Last week I watched a procurement manager at a mid-market manufacturing company build a vendor shortlist. She didn't Google anything. She opened ChatGPT, typed "best ERP systems for manufacturers with under 300 employees," and spent about four minutes reading the response. Then she opened Perplexity, ran a follow-up query, and got citations that matched and extended what ChatGPT had said.
By the time she clicked a link to a vendor website, she already had a mental shortlist of three companies. The fourth company she eventually chose wasn't on her initial list — it was added after a colleague mentioned it in a Slack message. None of the other seven vendors in that category ever had a chance.
This is the new procurement motion. And most B2B companies aren't in the room.
The shift that's already happened
AI-assisted vendor research isn't coming — it's here. In a survey we conducted with 80 B2B buyers across manufacturing, logistics, compliance, and professional services categories, 67% reported using an AI assistant as their first research step when evaluating a new vendor category. Among buyers aged 25–40, that number was 84%.
The pattern is consistent: AI assistant for initial landscape mapping, followed by human review of the shortlist, followed by direct vendor engagement. The human still makes the final decision. But the set of companies in the room for that decision is being defined earlier — by machines.
If you're not in the AI-generated shortlist, you're not in the consideration set. You never get to the demo. You never get to make your case.
"The RFP hasn't arrived yet. The shortlist has. And if you're not on it, nothing else you do in the sales process matters."
What AI assistants look for when building a shortlist
When a buyer asks an AI assistant to recommend vendors, the assistant isn't doing a Google search. It's drawing on patterns from its training data — associations between company names and the specific capabilities, industries, and buyer profiles it's been trained on. The question it's answering isn't "who has the best website?" It's "which company names have I seen most frequently, most specifically, and most credibly in relation to this exact buyer context?"
This means three things determine whether you appear:
- Specificity of association. "Cargoflow Inc. for mid-market manufacturing freight" is a stronger training signal than "logistics software." The more specifically your company is described in relation to a buyer's exact context, the more reliably you appear when that context is queried.
- Structural clarity. AI models extract information from text. If your site is written in vague marketing language, there's nothing to extract. Specific capability claims, named industries, outcome metrics — these are what get pulled into model responses.
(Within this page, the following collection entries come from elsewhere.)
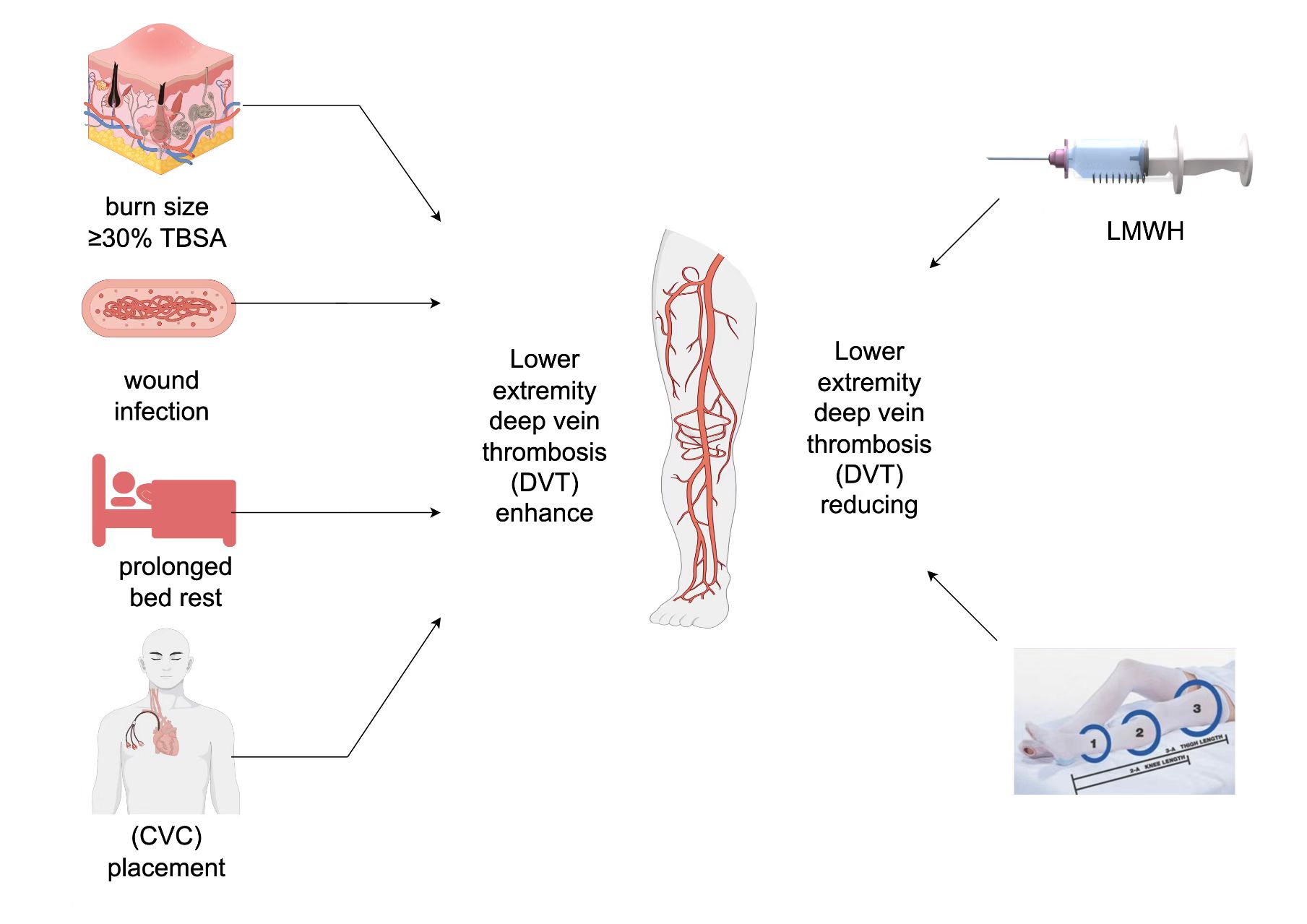 Catheter site stratification: Clarify thrombotic risk differences between internal jugular and femoral vein catheterization.Multidisciplinary collaboration: Establish personalized anticoagulation protocols through coordinated efforts among burn surgery, vascular surgery, and pharmacy teams.
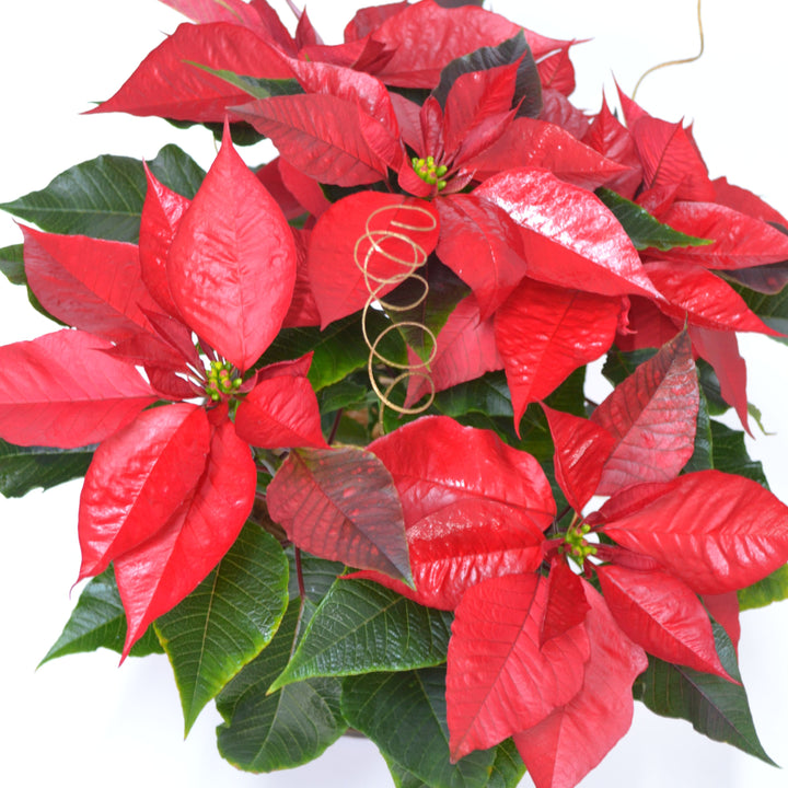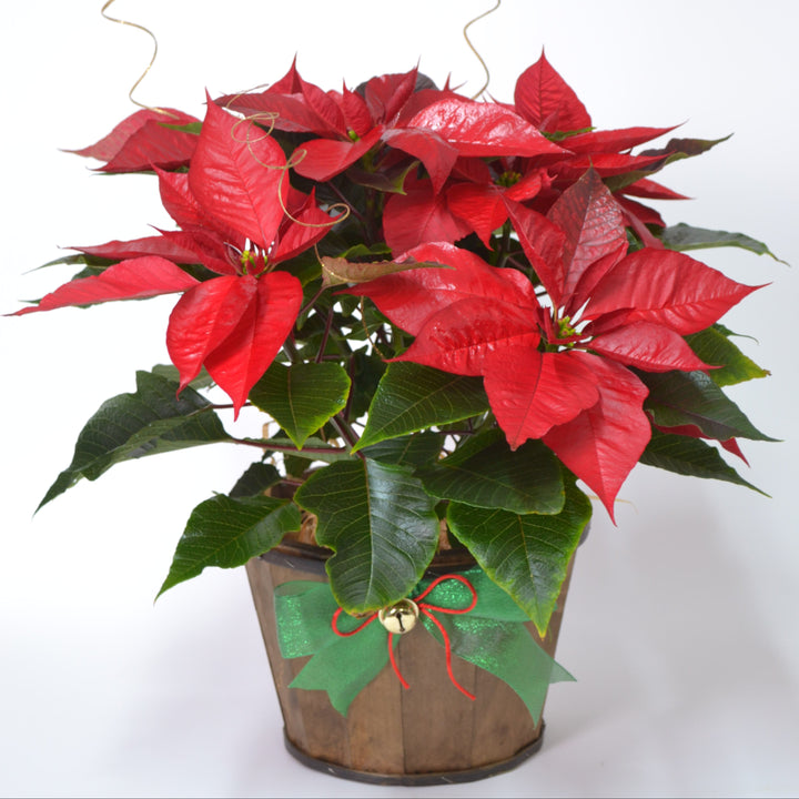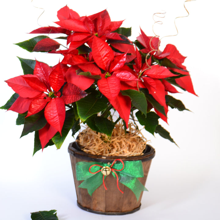Una hermosa planta de Nochebuena presentada en una base rústica de madera, cuidadosamente decorada con detalles navideños que evocan calidez y elegancia. Su vibrante color rojo ilumina cualquier espacio, llenándolo del espíritu de la temporada. 🌟
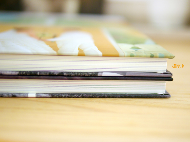 加厚版本為16頁~32頁,照片數量少時建議選擇加厚版,16頁厚度大約與40頁蝴蝶裝正常版本相同。
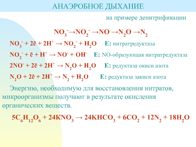 2NO- + 2ē + 2Н+ → N2O + H2O Е: редуктаза окиси азота
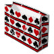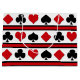 Set der Anzug-Symbole auf der Karte, abgeschieden auf schwarz, rot und weiß gestreiftem Hintergrund
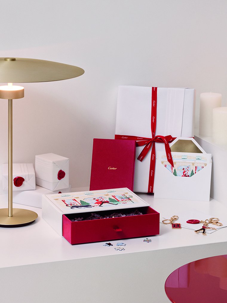 ในเทศกาลเฉลิมฉลองที่กำลังมาถึงนี้ คาร์เทียร์จึงอยากเชิญชวนทุกท่านมาเลือกสรรสโนว์โกลบในลวดลายเสือแพนเตอร์ การ์ดเกม จิ๊กซอว์ หรือเครื่องเขียนในลวดลายคาร์เทียร์เบลบอย เพื่อมอบเป็นของขวัญให้ตนเองหรือบุคคลที่ท่านรัก คาร์เทียร์ขอมอบช่วงเวลาที่อบอวลไปด้วยความสุขอันงดงาม ผ่านคอลเลคชั่นของขวัญและของประดับบ้านชุดนี้ ให้คุณตกแต่งต้นคริสต์มาส แต่งแต้มมุมโปรดของบ้านด้วยเครื่องแก้วและพอร์ชเลน พร้อมผูกริบบิ้นสีแดงอันเป็นเอกลักษณ์…ต้อนรับช่วงเวลาพิเศษที่กำลังจะมาถึง
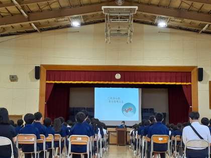 1年生は助産師の野口としのさんから命についてのお話を聞きました。「あなたは唯一無二の大切な存在です。」そして最後に「ここにいてくれてありがとう。」という素敵なメッセージをいただきました。
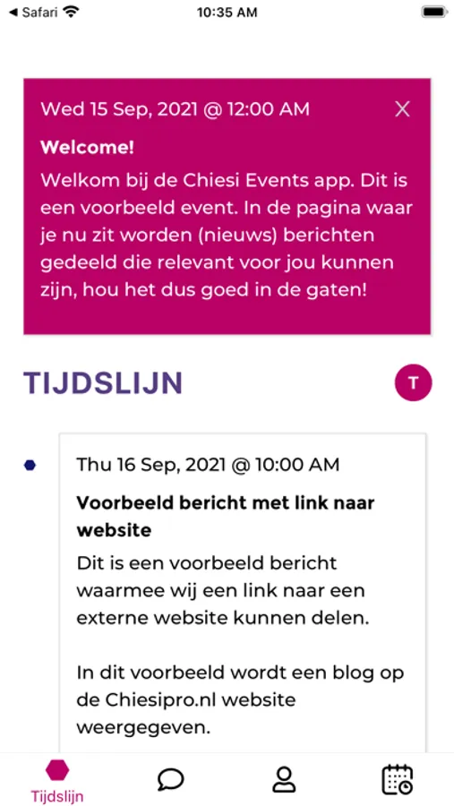 Met de Chiesi Events app heeft u alle relevante informatie rond een event of congres binnen handbereik. Zo bent u altijd op de hoogte van het actuele programma en de locaties, blijft u in contact met andere deelnemers en kunt u vragen stellen aan uw Chiesi contactpersoon.

- Cross-source consistency. A company that appears with consistent, specific language across its own site, third-party review platforms, and industry publications creates a stronger training signal than a company with excellent owned content but weak external presence.
The timing is now
Here's the uncomfortable truth about the current moment: AI-assisted procurement is still early enough that most companies haven't optimized for it. That means the competitive landscape in AI assistant responses is less crowded than it will ever be again.
The companies that appear in AI responses today — reliably, across multiple platforms, with specific and credible language — are establishing themselves as the default answer for their category. Language models, once they learn an association, are slow to unlearn it. The companies building that association now will benefit from it for years.
In 18 months, when AI-assisted procurement is universal rather than majority, the companies that didn't build this presence early will find themselves competing in a landscape where the default answers are already set. They'll be fighting to break into a set of associations the models learned without them.
We estimate the high-leverage window for establishing AI citation dominance in most B2B categories is approximately 12–18 months from today. After that, the default answers will be established and displacement will require significantly more effort. The cost of starting now is low. The cost of starting late is high.
What you need to do — the short version
We'll publish detailed playbooks on each of these in subsequent posts, but here's the frame:
1. Audit your current AI presence
Run your category's top 20 buyer queries across ChatGPT, Perplexity, Claude, and Gemini. Where do you appear? Where don't you? What language is used to describe your competitors? This gives you a baseline and a target.
2. Rebuild your content architecture for extractability
Rewrite your core pages using specific, extractable language. Entity statements in third person using your full company name. Outcome claims with metrics. Vertical anchors linking your name to specific industries. FAQ content that mirrors AI query patterns. Schema markup that gives models a clean extraction path.
3. Build external citation consistency
Ensure your G2, Capterra, and review platform presence uses the same language as your website. Place contributed articles in the two or three publications that feed most strongly into your category's AI responses. Get your Crunchbase and industry database entries updated and specific.
4. Deploy an A2A endpoint
The next generation of AI procurement agents won't just be drawing on training data — they'll be querying vendor endpoints in real time. Register your company in the emerging A2A ecosystem now, while the competition is light and first-mover advantage is real.
None of this is science fiction. All of it is happening today. The buyers who are researching your category right now are using AI assistants to build their shortlists. The only question is whether you're on them.